Toyota sales fell 38% to 34,372 vehicles YTD with the Hilux pickup truck and Hiace light van still largely absent. This benefited Ford which reported an 85% jump in sales to 23,366 units thanks mainly to strong demand for its locally made Ranger pickup truck while Mitsubishi sales fell 27% to 18,783 units; Honda 12,516 units (-49%) and Suzuki 9,051 units (-11%).

Separate reports suggested Hyundai sold 34,800 vehicles YTD, making it the country’s leading vehicle brand just ahead of Toyota, while VinFast sold 14,700 units in the first seven months of the year.

A number of foreign brands recently announced plans to sell electric vehicles in Vietnam which will inevitably put pressure on VinFast as well as established foreign brands.

BYD said it planned to build an EV plant while Hyundai launched the Ioniq 5 in May and Mercedes-Benz said it would introduce three EVs this year.
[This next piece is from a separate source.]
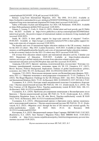42. Годованюк, К.А. (2023). “Миграционный кризис” в Британии сквозь призму национальной и международной повесток // Научно-аналитический вестник ИЕ РАН (6): 29-41. EDN: DHEQOI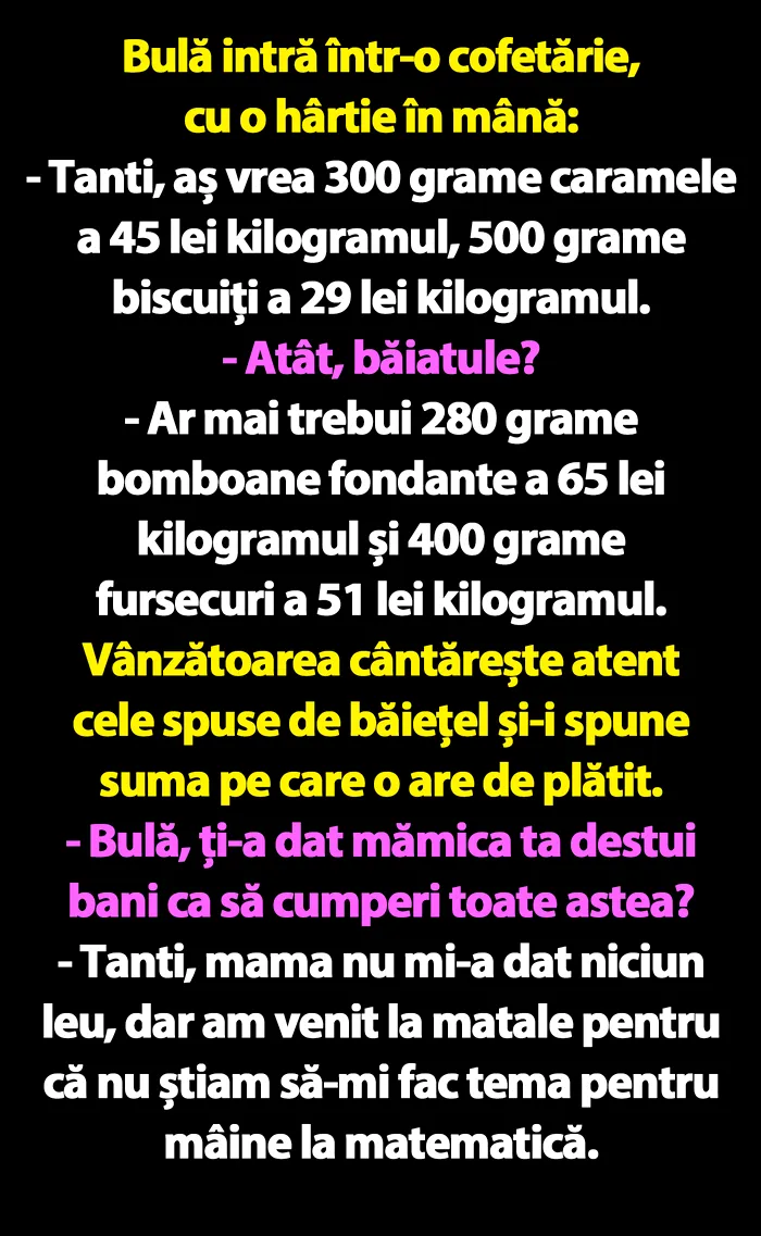 – Tanti, mama nu mi-a dat niciun leu, dar am venit la matale pentru că nu știam să-mi fac tema pentru mâine la matematică.

Great Wall Motor also launched its Haval H6 hybrid SUV last month.

The Ministry of Finance is considering providing an additional US$1,000 EV purchase incentive in addition to the existing registration fee exemption, as part of a package to attract EV production to the country that would also include reducing import taxes on EV components and charging equipment.